Back then, “bread was Wonder Bread,” says Nels Leader, Daniel’s son and the CEO of Bread Alone. “When you
went to the supermarket, you couldn’t buy a crusty French baguette. It wasn’t even in the vocabulary at the time. Part of the reason my father founded the business was because he knew of a different style of baking from spending time in Europe — Paris, in particular — and he didn’t see it here.”
Bread Alone, in the company of businesses like Tom Cat Bakery, Berkshire Mountain Bakery, Acme Bread, and La Brea Bakery, slowly reminded the country of the wonder of artisanal bread. This, in combination with the organic food revolution, which would not truly gain traction until the mid-’90s, sowed the seeds of what would become a return- to-roots movement.
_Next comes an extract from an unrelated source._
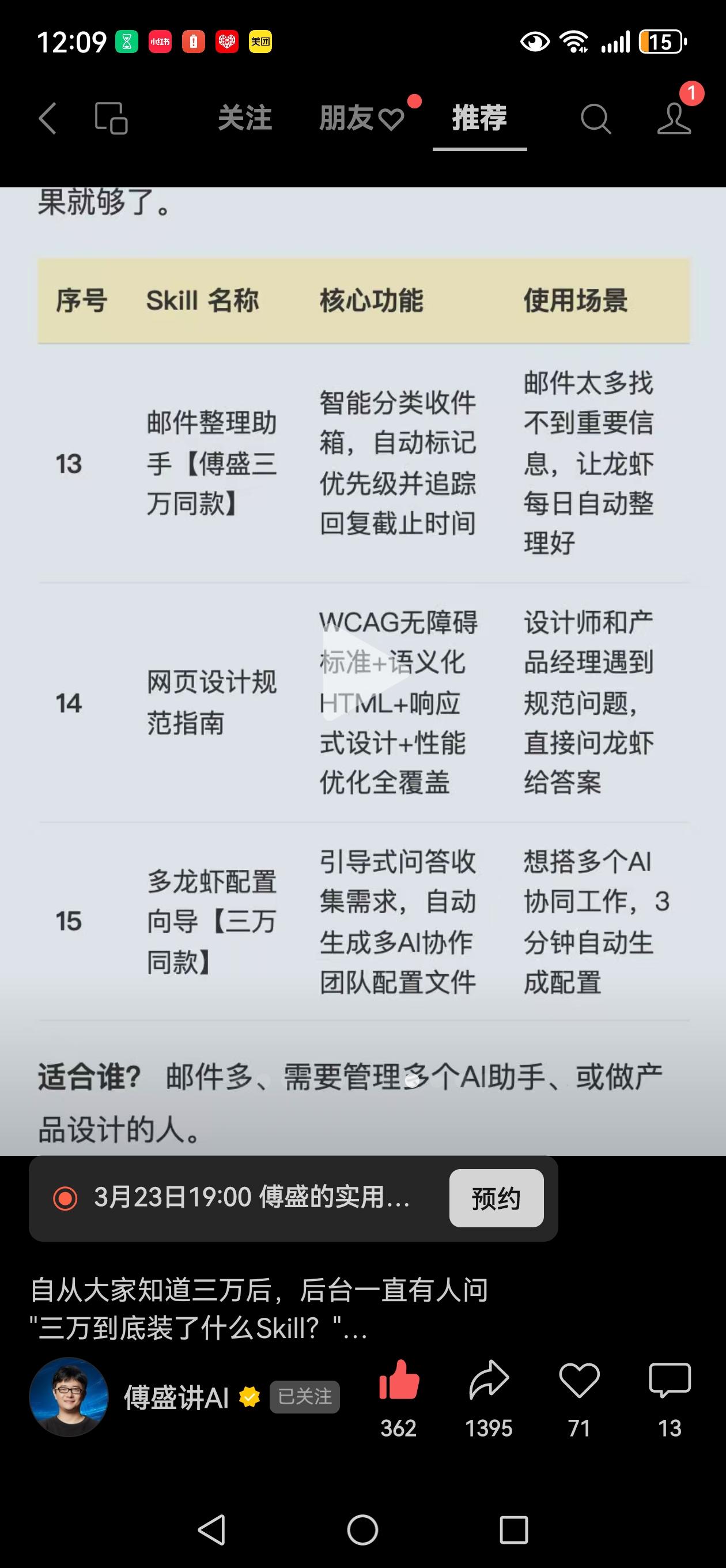 傅盛给自己的EasyClaw三万,设置了15个核心技能,大家需要的去安装下吧! 什么EasyClaw 每天只送170个积分,干不了啥。 太可恶了!那让我告送你怎么把这些技能复制到自己的OpenClaw ,这样就一分钱都不用花了!估计傅总看见想刀我了[大笑]。 安装这些技能,进入EasyClaw的安装目录,里面有个skills 文件夹,里面就是你安装的技能。 打包发给自己的OpenClaw,让它学习安装这些技能,之后你就可以用了,all free ! 不用谢我![大笑]

In taking lessons from the past, Bread Alone was actually creating the future. Besides using artisanal techniques,
the company also made organic agriculture a fixture of its business nearly a decade before the USDA developed the organic certification label and criteria. As the business grew, what began as a line of fine print on the packaging took on growing importance to consumers.
Natural fermentation was the only way bread and baked goods were produced until about 100 years ago.